Collaboration Type | Ownership | Training Responsibility | Financial Model | Marketing Freedom |
Brand-Owned Branch | Brand | Fully by the brand | Full funding by the brand, no initial buy-in | Limited to brand policies |
Franchise (Dealership) | Independent franchisee | Initial training by brand, execution by franchisee | Purchase from brand + defined profit margin | Under brand supervision |
Retailer | Independent retailer | No obligation by brand | Direct purchase with negotiated margin | Almost free, but within brand guidelines |

Financial Model and Profit Sharing
After analyzing factory production costs and market dynamics, Platinum developed a fair profit-sharing model:
- Base prices were calculated directly from factory costs.
- Profit margins were defined to ensure sustainability for both the brand and the franchisee/retailer, motivating all parties to grow sales.
This approach enabled network expansion with minimal fixed costs and maximum financial synergy.
Standards and Monitoring
Staff Training for Branches and Dealerships
Maintaining consistent customer experience was a top priority. Platinum created a continuous training system:
- Brand-Owned Branches: Full training provided and managed by the central brand team.
- Franchises: Initial training handled by the brand, while day-to-day management remained with the franchisee.
- Retailers: Only received products without any training obligations.

Advertising Policies and Brand Consistency
To prevent harm to brand image, Platinum established clear advertising policies:
- Franchises were not allowed to launch independent campaigns (billboards, digital ads, etc.) without approval from the mother brand.
- All messaging had to align strictly with Beheshti Carpet’s tone and brand identity.
- Any deviation could result in warnings or even a reduction in franchise rights.

Periodic Monitoring and Scoring System
Platinum designed a monitoring and scoring framework executed on a monthly and quarterly basis:
- Metrics included service quality, adherence to standards, and customer feedback.
- Underperforming franchises risked losing their dealership rights.
- High-performing franchises could graduate to higher levels, such as becoming official brand-owned branches.
Results of Implementing the Franchise Structure
Within just 18 months, Beheshti Carpet achieved impressive milestones through the franchise model designed by Platinum:
30 New Dealerships in 18 Months
The brand expanded its sales network by opening 30 active dealerships in various cities across the country.
3 New Brand-Owned Branches
In addition to the dealerships, three new brand-owned branches were established to serve as central hubs and reference points for other dealerships.

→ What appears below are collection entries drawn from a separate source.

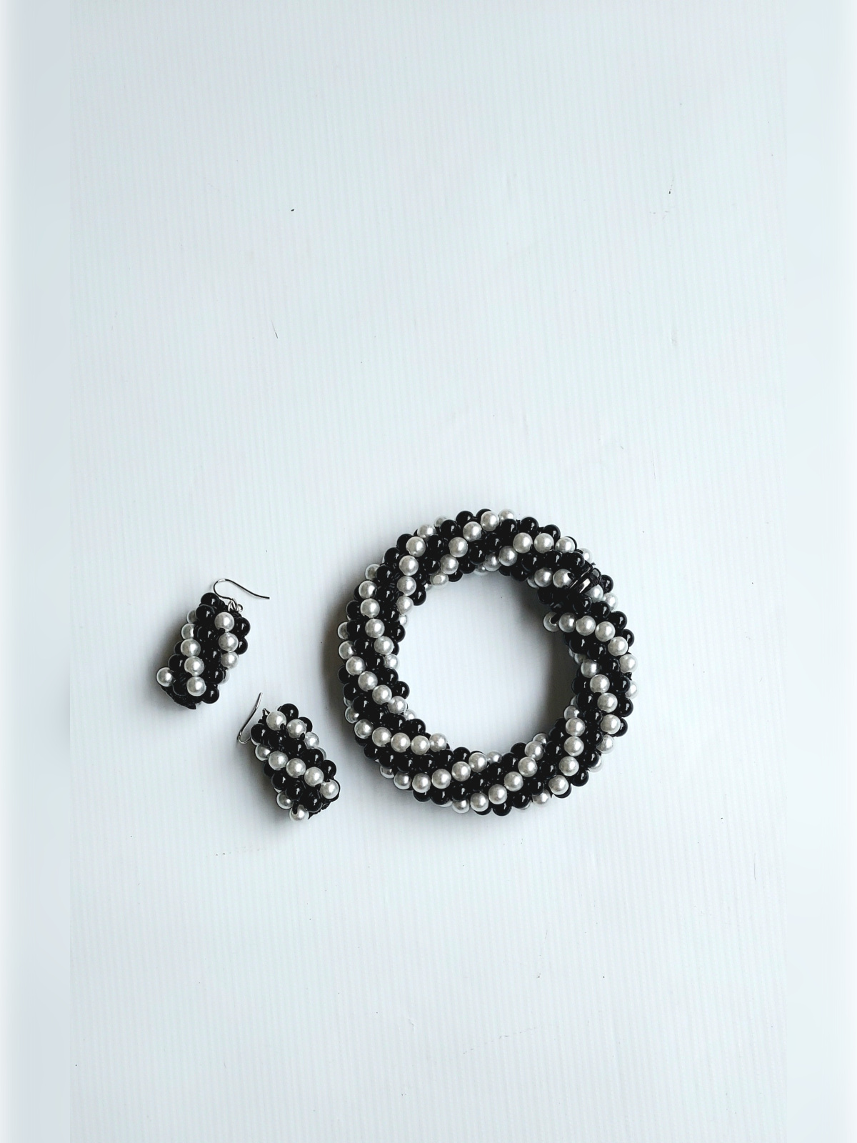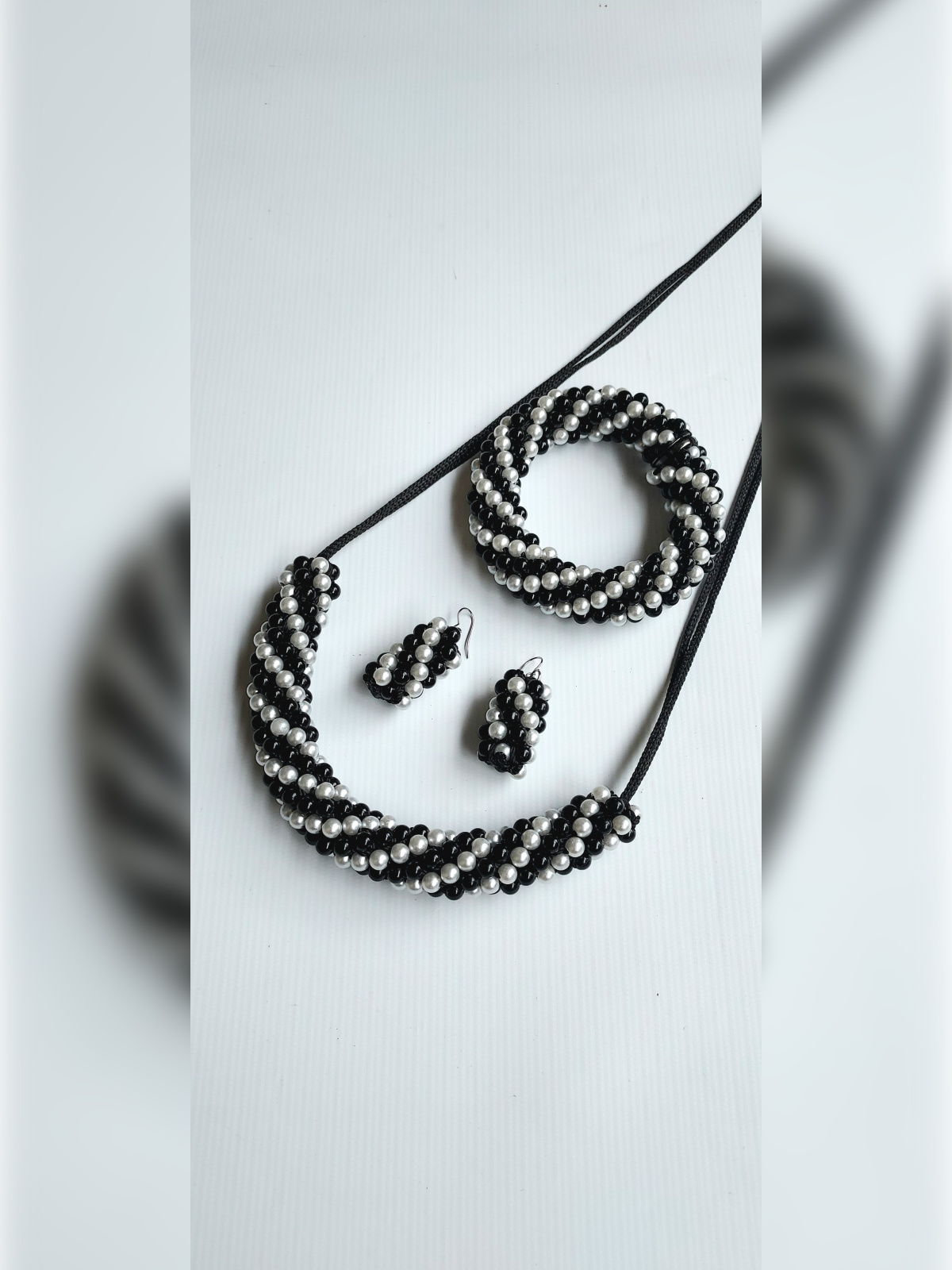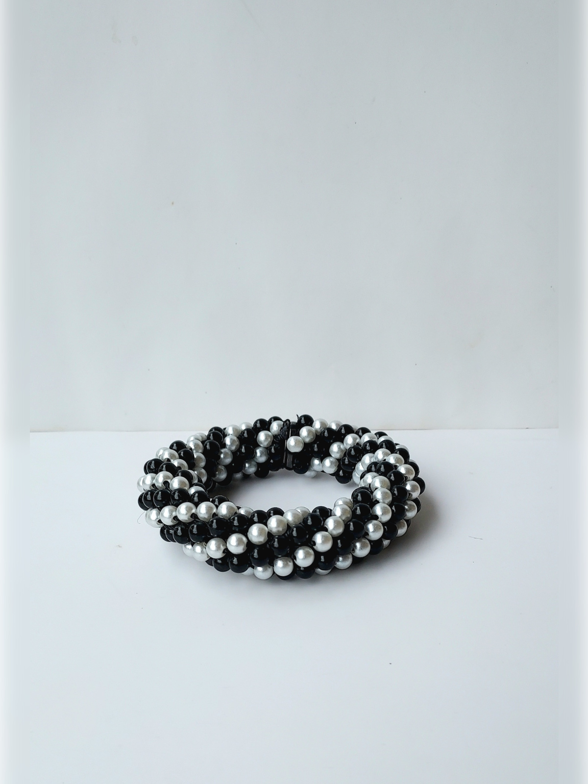 – Matériaux : Perles plastiques, fil noir résistant
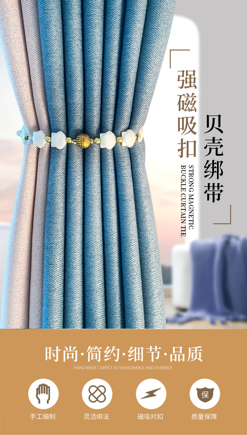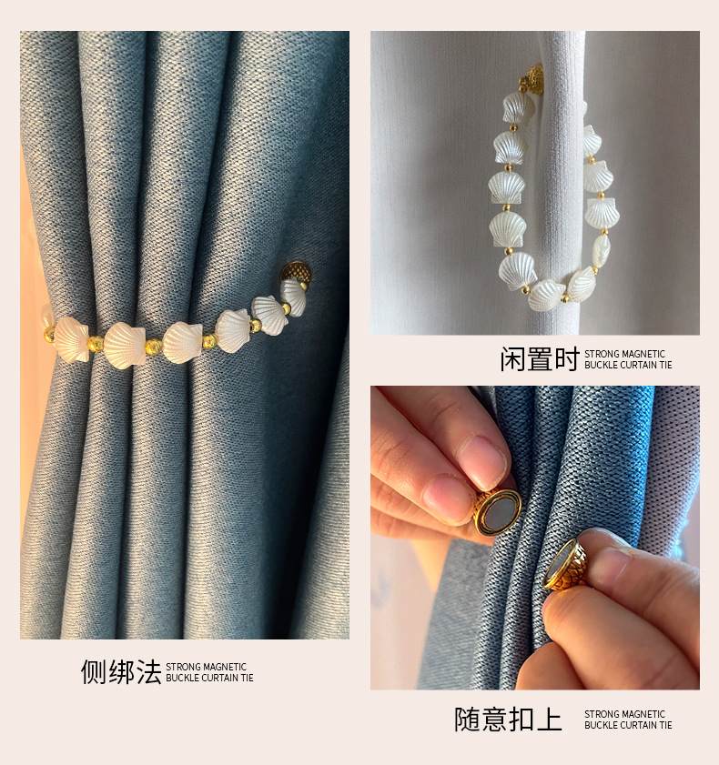 현대 빛 럭셔리 쉘 커튼 마그네틱 버클 새로운 창 화면 커튼 테이프 레이스 업 펀치 프리 커튼 보관 로프스토어 가기
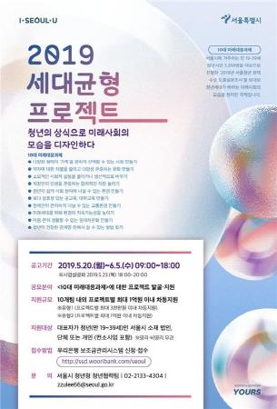 서울시는 청년 스스로 청년세대의 사회적 요구에 대응하는 2019년 세대균형 프로젝트 ‘청년의 상식으로 미래사회를 디자인하다’의 참여자를 모집한다.
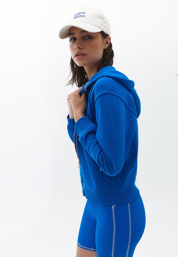 Pamuk karışımlı doku, bedene yakın fit, bağcık detaylı kapüşon, iki cepli, fermuar kapamalı, kapüşon içi renkli dikiş detaylı.
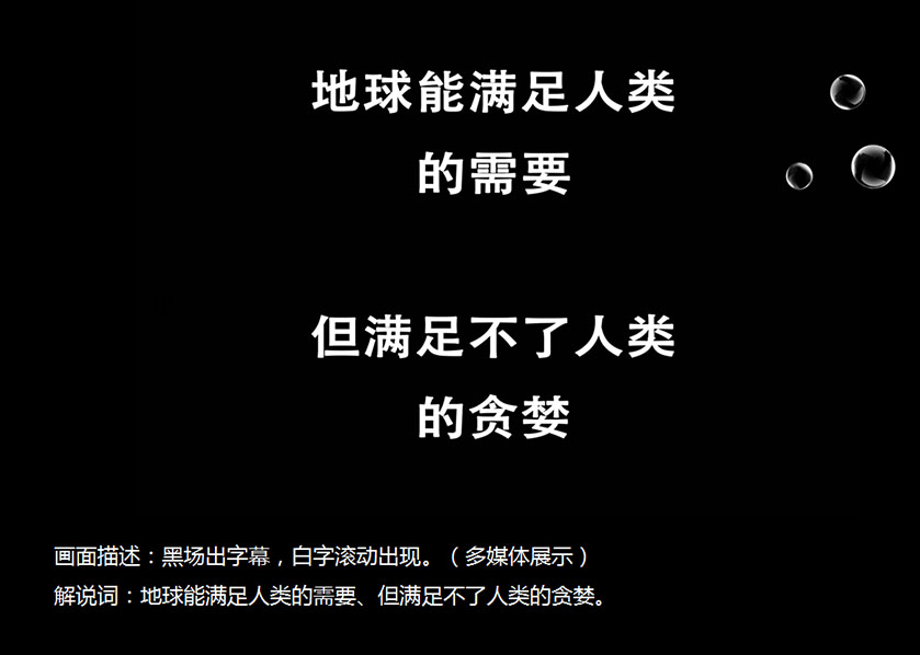 解說詞:土地干涸、河水斷流、土壤沙化、海洋污染、冰川融化。 -

Sales Growth Without a Significant Rise in Fixed Costs
Thanks to this model, Beheshti Carpet increased sales without a dramatic increase in fixed costs such as rent, equipment, or direct HR expenses.
Conclusion
The design and implementation of the franchise model marked a turning point in Beheshti Carpet’s growth journey.
Platinum successfully developed operational, financial, and monitoring frameworks that ensured mutual benefit for both the brand and its franchisees.
The result was sustainable sales growth and a rapidly expanding distribution network, achieved without the heavy financial burden typically associated with large-scale physical expansion.
This case study demonstrates how strategic structuring and standardization can empower brands to scale efficiently while maintaining quality and brand integrity.